Wakil Ketua Majelis Nasional Tran Quang Phuong berpidato di pertemuan tersebut. Foto: Doan Tan/VNA
Delegasi Nguyen Tam Hung (Delegasi Majelis Nasional Kota Ho Chi Minh ) mengusulkan agar badan perancang menambahkan mekanisme untuk melindungi pegawai negeri sipil dalam proses penerimaan warga negara, penanganan pengaduan dan pengaduan, termasuk langkah-langkah untuk menangani tindakan penghinaan, penyerangan, atau ancaman terhadap pejabat. Praktik menunjukkan bahwa melindungi hak dan kepentingan sah warga negara harus sejalan dengan melindungi pegawai negeri sipil. Hal ini merupakan persyaratan mendesak untuk menjaga disiplin administratif, menghindari situasi di mana pejabat takut akan tanggung jawab atau menghindari konflik.
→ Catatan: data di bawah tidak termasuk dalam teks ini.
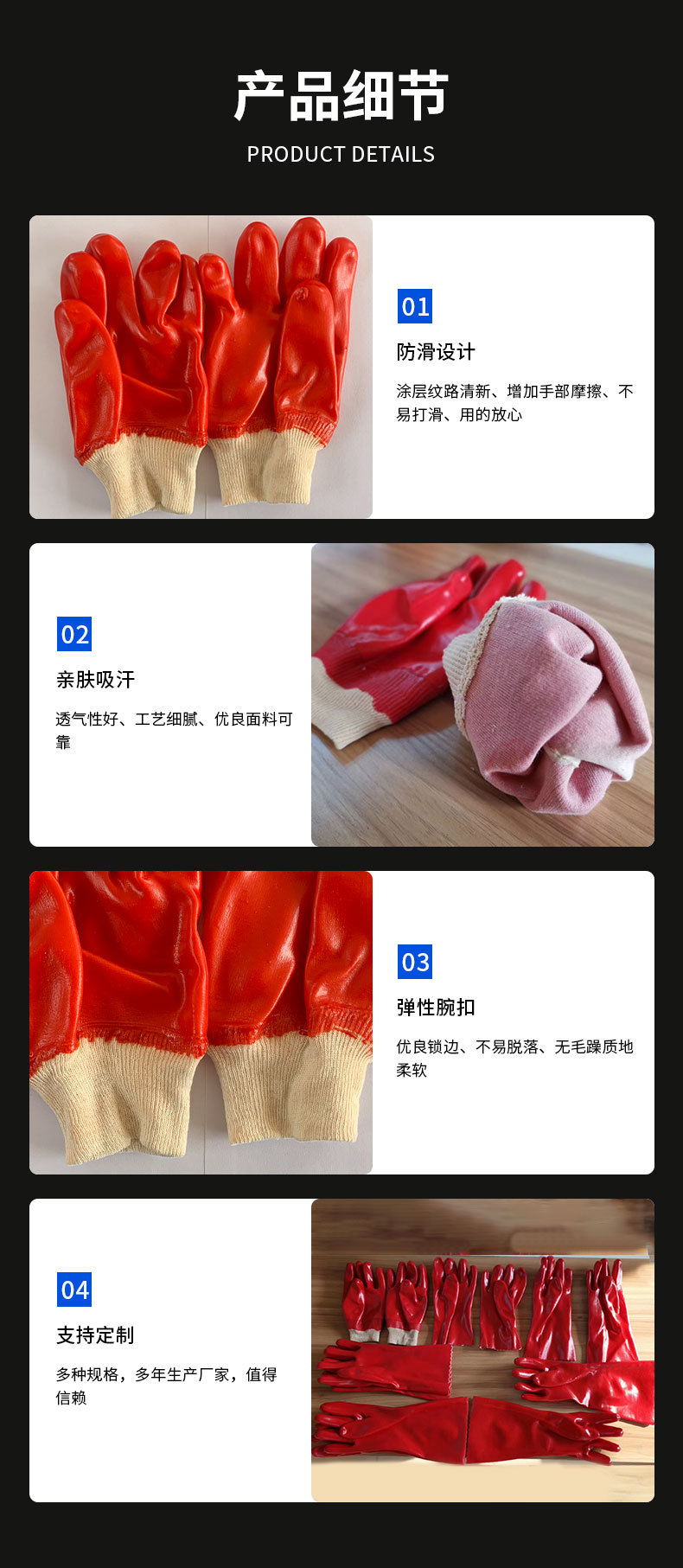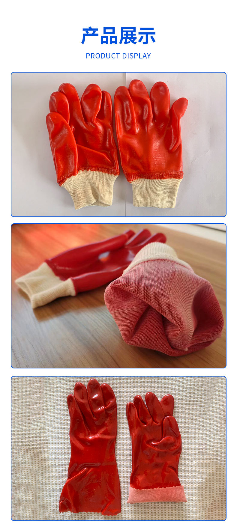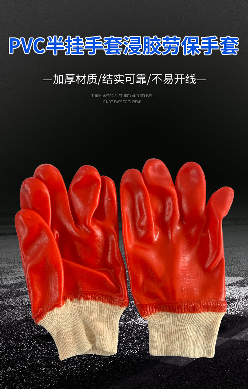 PVC 반장갑, 고무 코팅, 노동 보호, 빨간색, 미끄럼 방지, 어업, 양식, 가사, 청소, 제조업체 도매스토어 가기

Delegasi Nguyen Tam Hung juga mengusulkan pembentukan mekanisme untuk mengikat tanggung jawab pribadi para pemimpin jika terjadi penundaan atau penghindaran penerimaan warga negara, memperpanjang waktu pemrosesan atau mentransfer petisi secara tidak langsung.
"Banyak pengaduan dan pengaduan yang berlarut-larut bukan karena kerumitannya, melainkan karena kurangnya tanggung jawab atau kelalaian dari pihak lembaga dan individu yang berwenang. Menghubungkan tanggung jawab kepala daerah dengan hasil penerimaan warga dan penyelesaian pengaduan serta pengaduan akan meningkatkan efektivitas dan substansi sistem," tegas delegasi Tam Hung.
Menurut delegasi Nguyen Tam Hung, perlu dikembangkan mekanisme yang menghubungkan basis data nasional tentang penerimaan, pengaduan, dan pengaduan warga negara dengan basis data nasional tentang kependudukan untuk memverifikasi identitas, memeriksa otorisasi, dan membatasi pengiriman petisi ke berbagai tempat atau membuat pernyataan palsu. Hal ini merupakan solusi penting untuk mengurangi situasi pengaduan yang benar maupun yang salah, sehingga menghindari pemborosan sumber daya negara.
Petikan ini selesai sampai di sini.